EXERCISE BRIEF. Exact reproduction of all the entries is required, without any of their pictures.

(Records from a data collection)

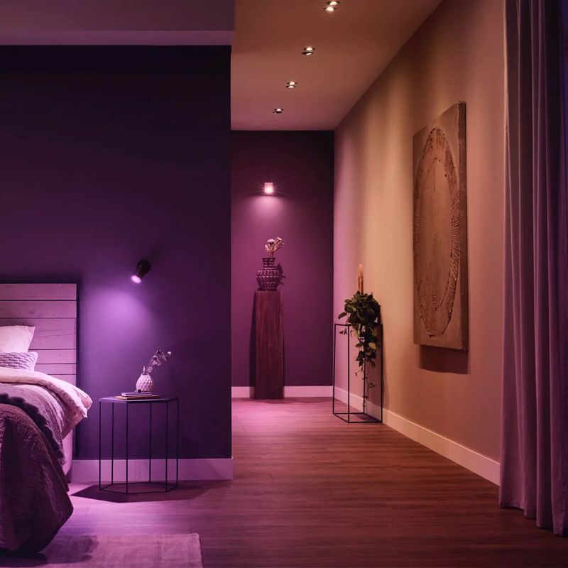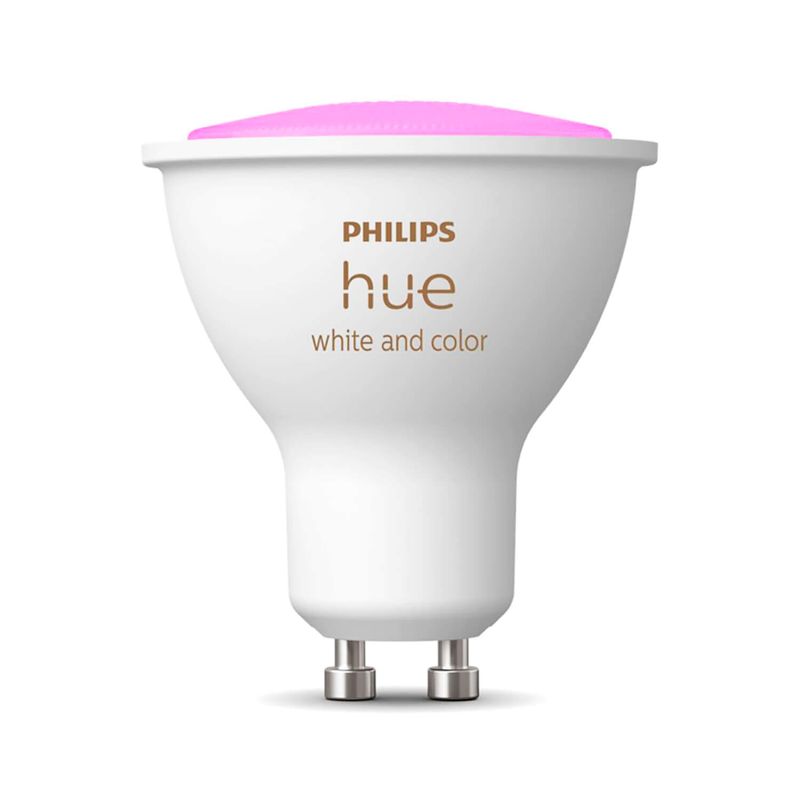 Ampolleta Philips Hue de formato GU10. Ideal para iluminar los espacios de tu hogar. Permite controlar los escenarios que desees a través de app o control de voz. Disponible en color blanco con consumo de 4.2W, luz cálida a fría y RGB. Compatible con Bluetooth y Bridge Hue. Mide Ø5 diámetro x 5,5 alto cm.
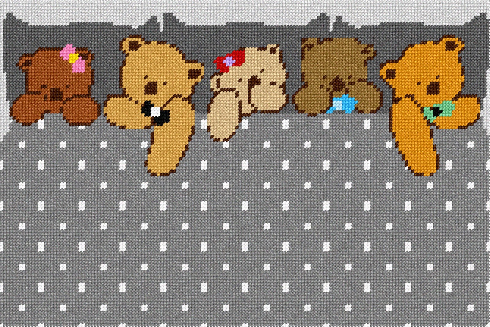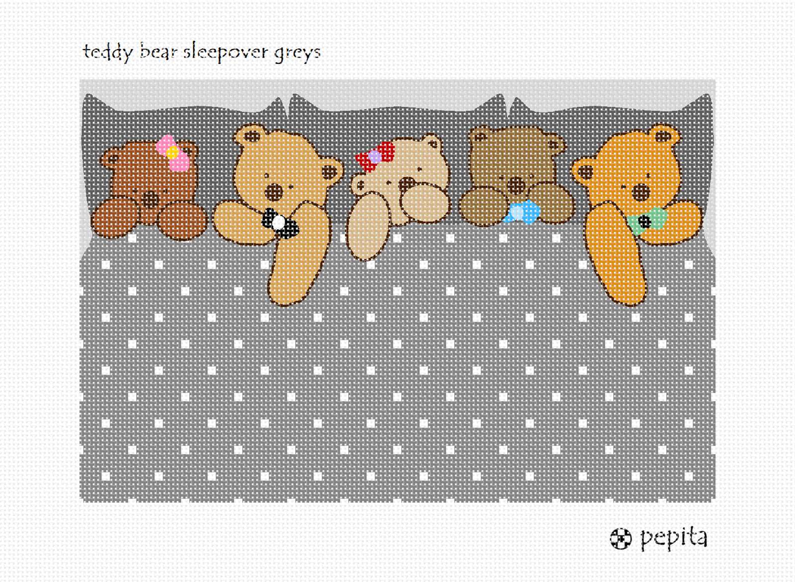 The teddies are having a sleepover! This adorable needlepoint is sure to capture the hearts of young and old. Five bears with bows are decked under the duvet. This is available in blue and wine color combinations too.
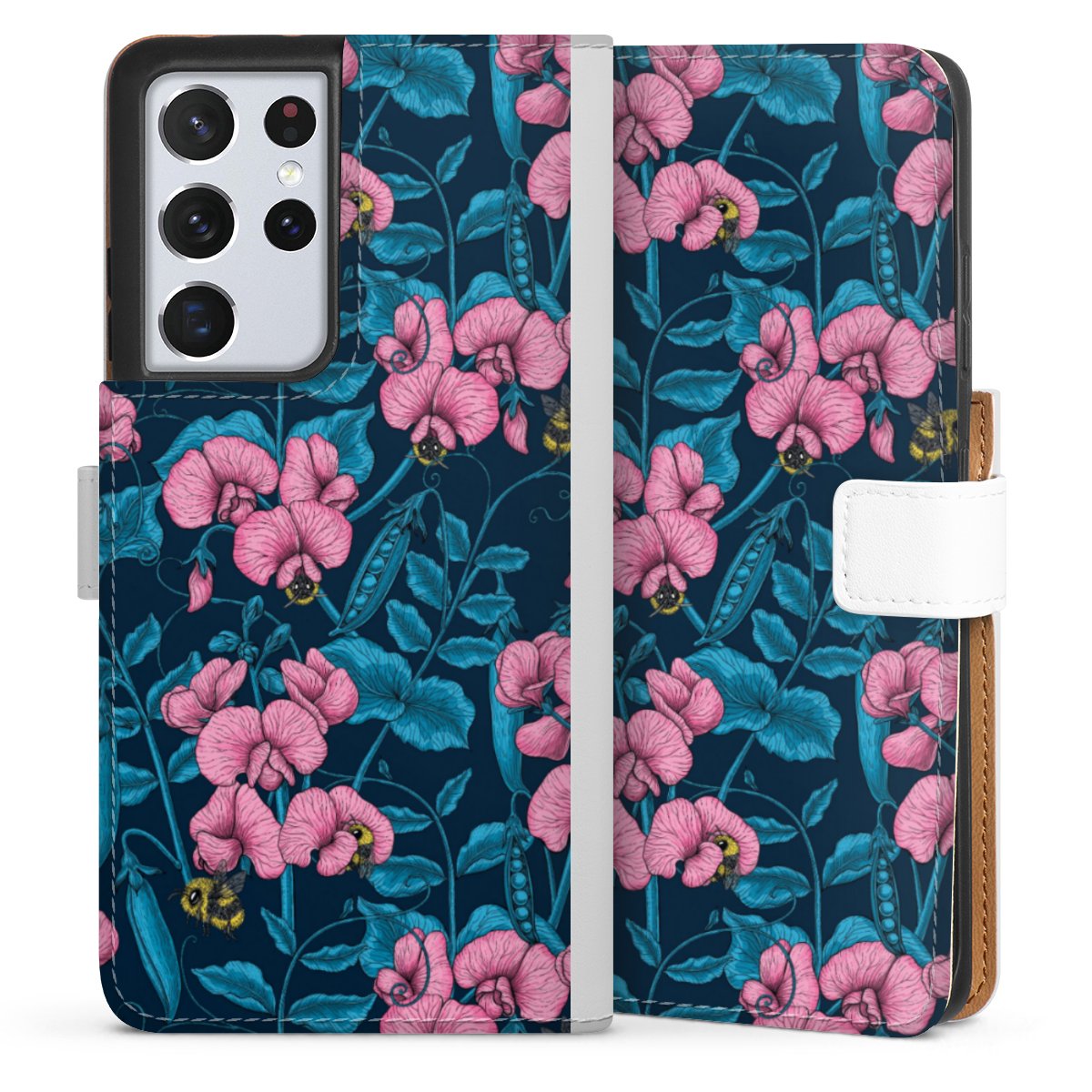 For our Sideflip Case we are using our advanced direct printing technology. The back and frontside are fully printabale, the inside of the phone bag is left unprinted. You can order the phone case without print, printed completely or also with a partial print.
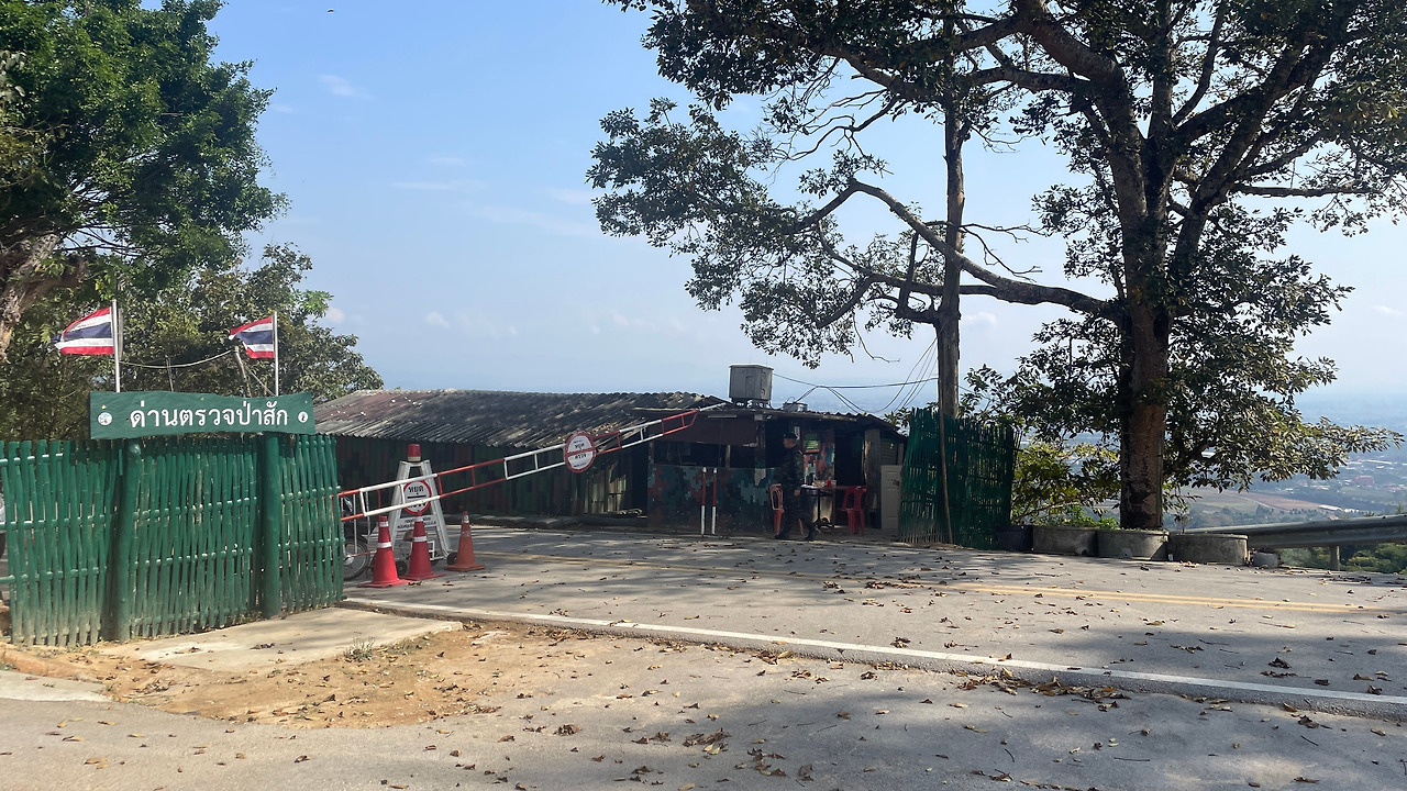 이곳은 오토바이 여행자들이 아니고서는 굳이 찾을 일도, 방법도 없는 듯하다. 검문소에 근무하는 경찰들은 따로 숙소도 있고 경비견들도 있는 숙소가 옆에 위치해 있었다. 이곳을 떠나 아래쪽에 있는 국경에서 사진을 찍고 주유를 한 다음 이동하기로 했다. 이곳 역시 사진을 찍는 태국인들도 많이 보였다. 우리도 사진 한 장씩 남기고 다음 목적지인 추이퐁 차 플랜테이션 농장으로 발길을 옮겼다.
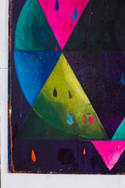 Acrylic, Oil pastel, Glitter, Sand on canvas
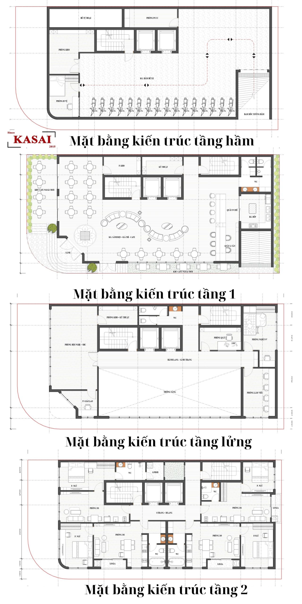 - Tầng hầm: Gara, phòng bảo vệ, phòng PCCC.
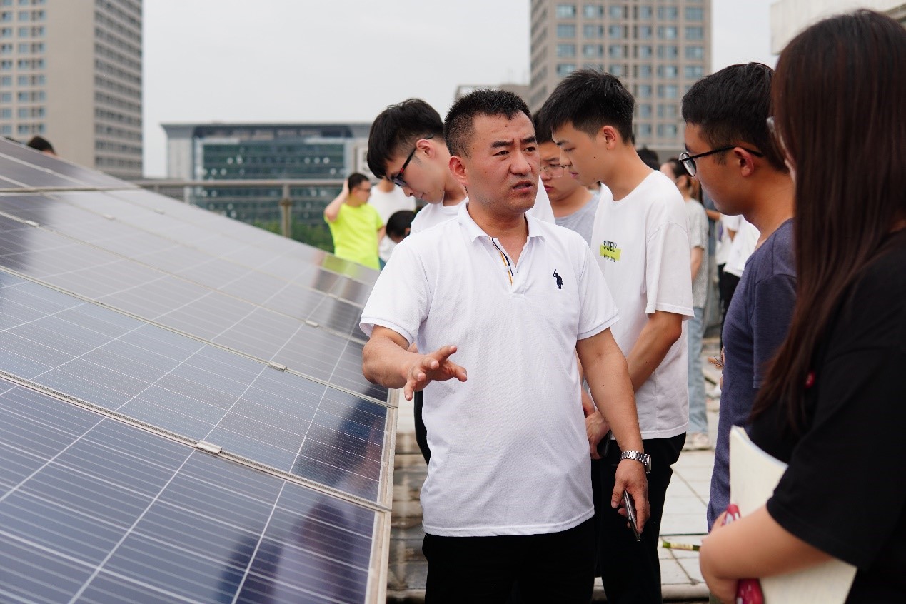 接下来,付志强带领学生们参观了湖南诺诚光伏公司的产品,如移动电源多晶高效组件、逆变器、配电器、多晶硅片、光伏路灯、光伏水泵等,并前往公司顶楼参观大型太阳能电池板,他指出公司的产品主要有两种用途,一是自发自用,二是并入电网。
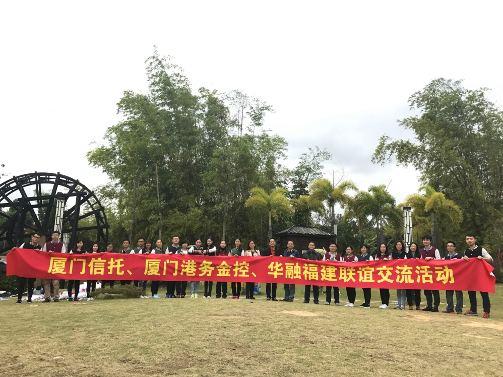 为活跃信托公司青年员工的文化生活,促进同业青年员工交流,12月25日圣诞节当天,由信托公司工会与华融(福建自贸试验区)投资股份有限公司工会共同举办,厦门港务金融控股有限公司、人行厦门中心支行的部分员工共同参加的联谊交流活动在泉州惠安聚龙岛举办,信托公司工会主席蔡炎坤、工会副主席苏东升,华融公司监事长明航、工会主席何晓鸣等与二十多名年轻员工参加了活动。
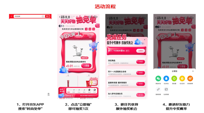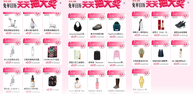 即日起至11月11日,大家可以打开京东APP搜索“时尚免单”,查看完整的抽奖日历,每天都有服饰美妆大牌免单送,即刻参与锁定这份专属幸运!
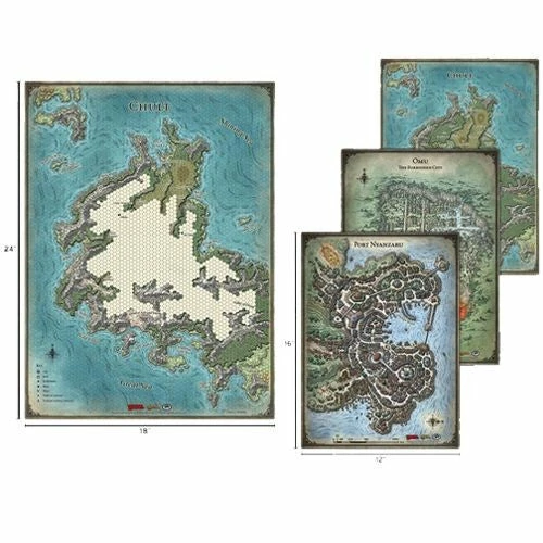 Gale Force Nine’s official Dungeons & Dragons Tomb of Annihilation Map Set contains high-quality single-sided vinyl surfaces that are ideal for tracking the progress of your adventures during the campaign! These maps lay flat for ease of play and are sold in sturdy polycarbonate tubes for storage and transport. The maps may be marked with wet-erase markers to temporarily record the paths your heroes travel, make notes about encounters and locations, or modify the landscape to suit your own campaign, they also look great on the wall of your game room! The Chult player map measures 24″ x 18″ and the Port, City, and Chult DM’s maps measure 16″ x 12″. All of GF9’s Maps are based on artwork provided by Wizards of the Coast. This campaign map set details the lands of Chult, the setting for Dungeons & Dragons campaigns in the Tomb of Annihilation adventure. Packed with details, these maps are a great way to chart your adventures across this dread and adventure-filled jungle.

SOLUTION TO THE EXERCISE.
 Ampolleta Philips Hue de formato GU10. Ideal para iluminar los espacios de tu hogar. Permite controlar los escenarios que desees a través de app o control de voz. Disponible en color blanco con consumo de 4.2W, luz cálida a fría y RGB. Compatible con Bluetooth y Bridge Hue. Mide Ø5 diámetro x 5,5 alto cm.
 The teddies are having a sleepover! This adorable needlepoint is sure to capture the hearts of young and old. Five bears with bows are decked under the duvet. This is available in blue and wine color combinations too.
 For our Sideflip Case we are using our advanced direct printing technology. The back and frontside are fully printabale, the inside of the phone bag is left unprinted. You can order the phone case without print, printed completely or also with a partial print.
 이곳은 오토바이 여행자들이 아니고서는 굳이 찾을 일도, 방법도 없는 듯하다. 검문소에 근무하는 경찰들은 따로 숙소도 있고 경비견들도 있는 숙소가 옆에 위치해 있었다. 이곳을 떠나 아래쪽에 있는 국경에서 사진을 찍고 주유를 한 다음 이동하기로 했다. 이곳 역시 사진을 찍는 태국인들도 많이 보였다. 우리도 사진 한 장씩 남기고 다음 목적지인 추이퐁 차 플랜테이션 농장으로 발길을 옮겼다.
 Acrylic, Oil pastel, Glitter, Sand on canvas
 - Tầng hầm: Gara, phòng bảo vệ, phòng PCCC.
 接下来,付志强带领学生们参观了湖南诺诚光伏公司的产品,如移动电源多晶高效组件、逆变器、配电器、多晶硅片、光伏路灯、光伏水泵等,并前往公司顶楼参观大型太阳能电池板,他指出公司的产品主要有两种用途,一是自发自用,二是并入电网。
 为活跃信托公司青年员工的文化生活,促进同业青年员工交流,12月25日圣诞节当天,由信托公司工会与华融(福建自贸试验区)投资股份有限公司工会共同举办,厦门港务金融控股有限公司、人行厦门中心支行的部分员工共同参加的联谊交流活动在泉州惠安聚龙岛举办,信托公司工会主席蔡炎坤、工会副主席苏东升,华融公司监事长明航、工会主席何晓鸣等与二十多名年轻员工参加了活动。
 即日起至11月11日,大家可以打开京东APP搜索“时尚免单”,查看完整的抽奖日历,每天都有服饰美妆大牌免单送,即刻参与锁定这份专属幸运!
 Gale Force Nine’s official Dungeons & Dragons Tomb of Annihilation Map Set contains high-quality single-sided vinyl surfaces that are ideal for tracking the progress of your adventures during the campaign! These maps lay flat for ease of play and are sold in sturdy polycarbonate tubes for storage and transport. The maps may be marked with wet-erase markers to temporarily record the paths your heroes travel, make notes about encounters and locations, or modify the landscape to suit your own campaign, they also look great on the wall of your game room! The Chult player map measures 24″ x 18″ and the Port, City, and Chult DM’s maps measure 16″ x 12″. All of GF9’s Maps are based on artwork provided by Wizards of the Coast. This campaign map set details the lands of Chult, the setting for Dungeons & Dragons campaigns in the Tomb of Annihilation adventure. Packed with details, these maps are a great way to chart your adventures across this dread and adventure-filled jungle.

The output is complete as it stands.